Março 20, 2022

Episódios de Marcas: “Um pelo preço de dois”

António dedicava-se há vários anos à produção e comercialização de produtos têxteis para o lar e acabara de concluir uma nova linha de produtos que resolveu chamar de “ABC”. António, empresário com alguma experiência no mercado, sabia que era imperativo proceder ao registo da “ABC” como marca nacional, para denominar uma nova linha de produtos e, dessa forma, comercializá-la pela sua empresa.

Sem demoras, e porque tempo é dinheiro, António acedeu ao site do Instituto Nacional da Propriedade Industrial (INPI) e iniciou o preenchimento do formulário de pedido de registo de marca nominativa – apenas o nome “ABC”, para assinalar produtos têxteis para o lar, sem qualquer logótipo ou elemento figurativo associado.

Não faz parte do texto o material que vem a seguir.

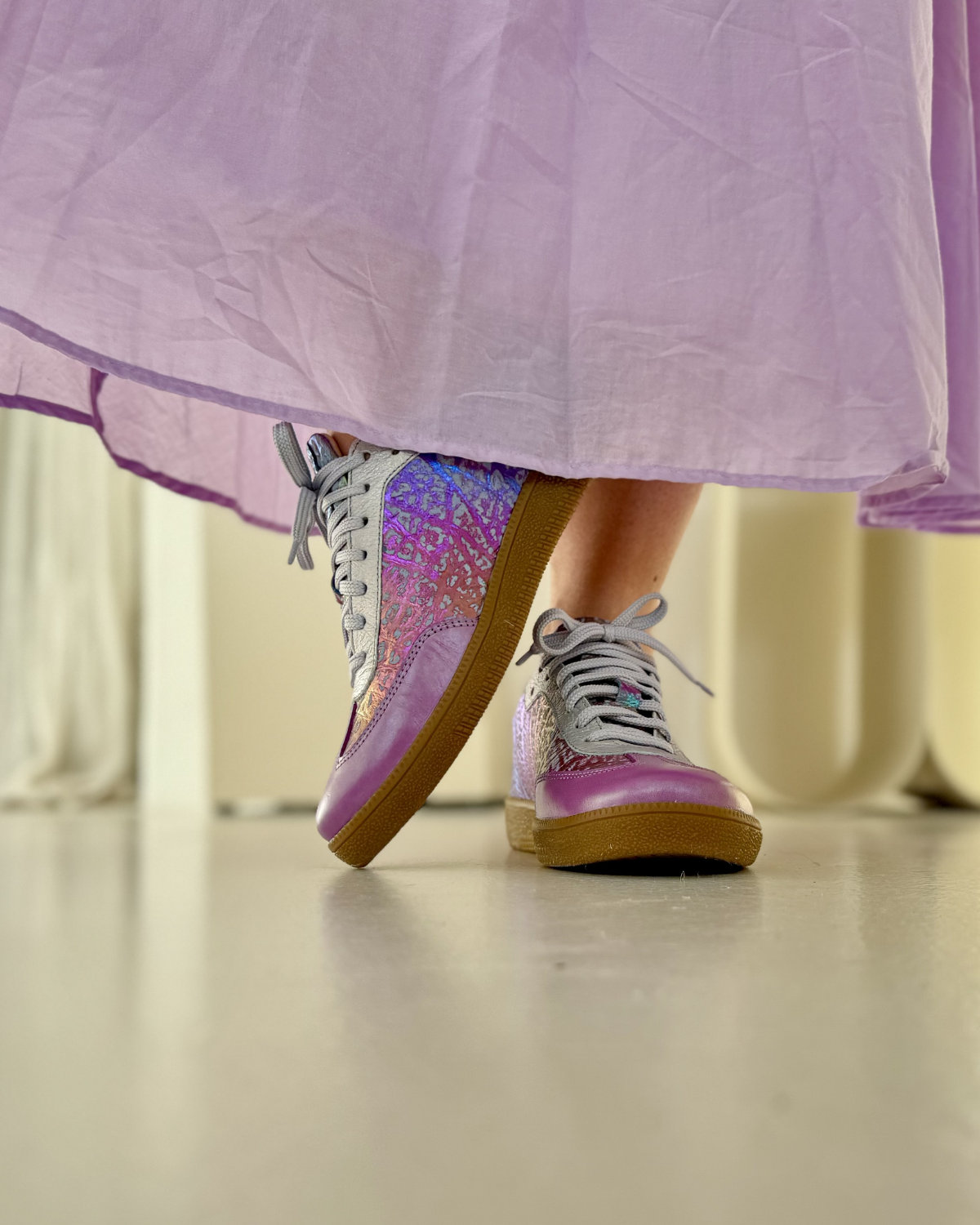 Buty wykonane są ze skóry naturalnej. Sznurówki są w odcieniu purpury. Wnętrze buta wyściełane jest skórą naturalną.
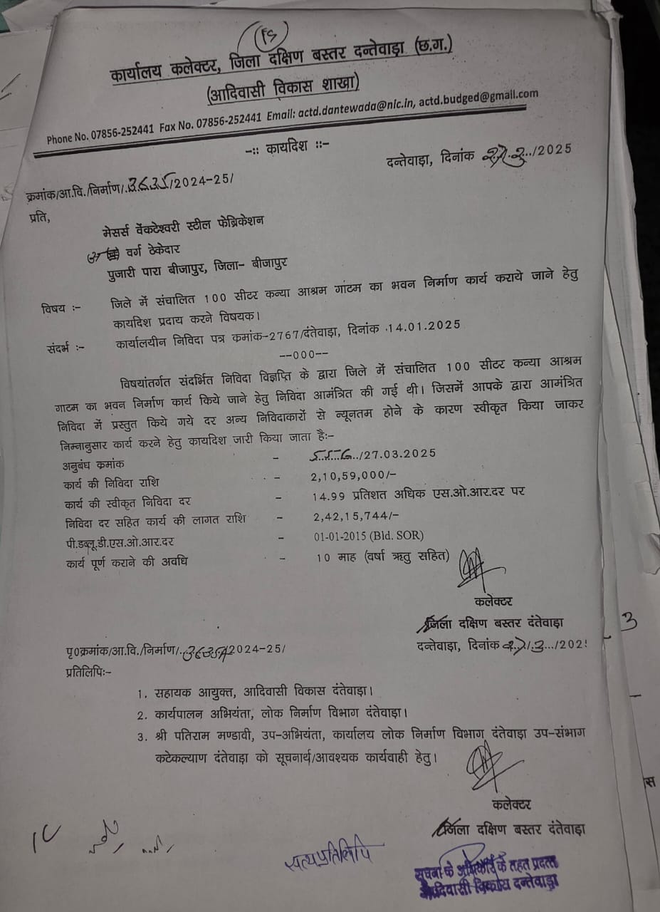 जिले में संचालित 100 सीटर कन्या आश्रम गाटम के भवन निर्माण का कार्य फर्जी टेंडर प्रक्रिया से जुड़े प्रकरण में शामिल कार्य होने की वजह से निरस्त तो कर दिया गया लेकिन सहायक आयुक्त ने फर्म के विरुद्ध आज पर्यन्त एफआईआर दर्ज नहीं कराई। उपरोक्त कार्य की कार्यादेश 27.03.2025 को तत्कालीन कलेक्टर ने दी थी। 2 करोड़ 42 लाख 15 हजार 744 रुपए की लागत से स्वीकृत यह कार्य 14.99 प्रतिशत अधिक एसओआर दर पर स्वीकृत किया गया था। जिसे वर्षा ऋतु समेत 10 माह में पूरा करना था। टेंडर फर्जीवाड़ा के मामले में जिम्मेदार अफसरों ने जरूर जेल की हवा खाई पर फर्मों पर आंच नहीं आई जिससे आज भी सवाल उठ रहे। यही नहीं विश्वस्त सूत्रों के अनुसार एकलव्य आदर्श आवासीय विद्यालय कुआकोण्डा के छात्रावास के प्रथम तल में 50 लाख से अधिक की लागत से स्तरहीन भवन निर्माण कार्य कराया गया है। बिना निरीक्षण,गुणवत्ता परीक्षण भौतिक सत्यापन किए फर्म को भुगतान कर दिया गया। स्तरहीन इस भवन में बच्चों ने रहने से इंकार कर दिया है। कुल मिलाकर जिले के समस्त आश्रम छात्रावासों में 2 साल के भीतर हुए निर्माण कार्य के उच्च स्तरीय जांच की दरकार है।
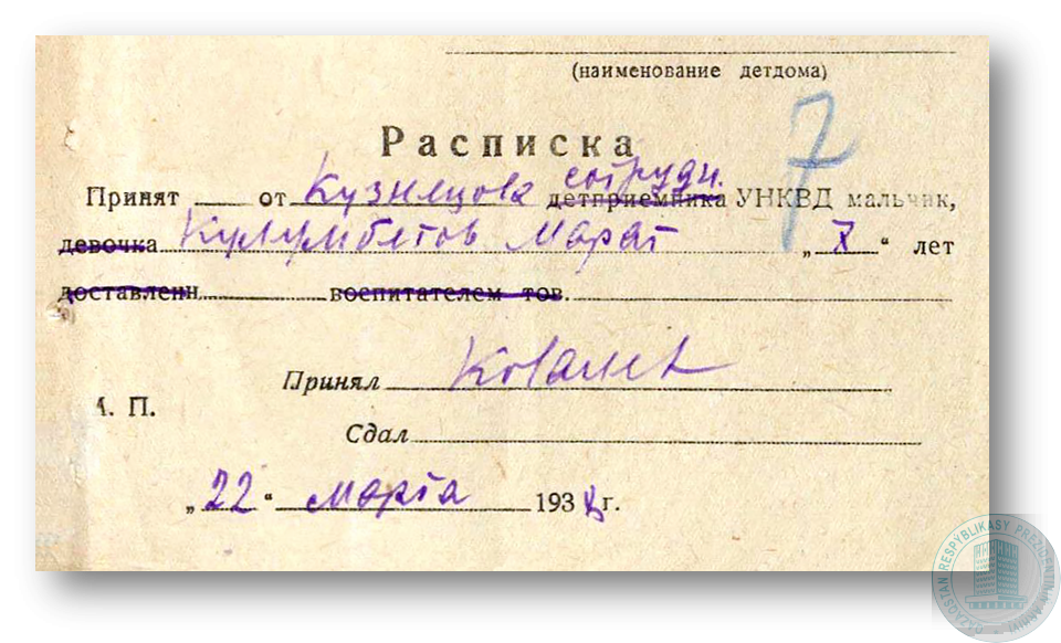 Расписка о принятии в детский дом Марата Кулымбетова.

Passaram algumas semanas. António recebeu do departamento de marketing da sua empresa a proposta para um logo que achou muito interessante e que pretendia associar à sua marca “ABC”. Só não sabia como poderia fazê-lo. É então que liga para o advogado da empresa, pedindo apoio na “actualização” do processo de registo da marca “ABC”. Nesse momento, depara-se com o obstáculo. O pedido de registo que já havia apresentado junto do INPI acabara de ser objecto de publicação.

No telefonema, António ficou a saber que, uma vez apresentado esse pedido de registo de marca nacional – e após ser objecto de publicação pelo INPI – a sua solicitação não poderá sofrer qualquer alteração (princípio da inalterabilidade do registo). Só restava uma solução: apresentar um novo pedido de registo de marca, desta vez acompanhada do elemento figurativo (vulgarmente e não tecnicamente designado por logo / logótipo).

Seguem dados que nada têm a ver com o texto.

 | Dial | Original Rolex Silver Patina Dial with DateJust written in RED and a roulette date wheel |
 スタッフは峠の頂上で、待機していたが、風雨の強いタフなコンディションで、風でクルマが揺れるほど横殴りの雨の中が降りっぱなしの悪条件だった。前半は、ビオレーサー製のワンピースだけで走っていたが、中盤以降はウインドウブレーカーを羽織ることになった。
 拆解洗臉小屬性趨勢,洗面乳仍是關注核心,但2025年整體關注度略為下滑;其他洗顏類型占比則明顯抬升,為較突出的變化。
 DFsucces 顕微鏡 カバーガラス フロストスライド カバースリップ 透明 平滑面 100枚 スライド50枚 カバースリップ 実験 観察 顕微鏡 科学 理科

No fim, António teve a necessidade de suportar duas taxas de registo. E, sem qualquer necessidade, ficou com duas marcas registadas. No que diz respeito ao registo de marcas, o desconhecimento e a inexperiência podem ter custos e efeitos totalmente contraproducentes. Se tiver dúvidas contacte um profissional que o possa ajudar e não seja como o António.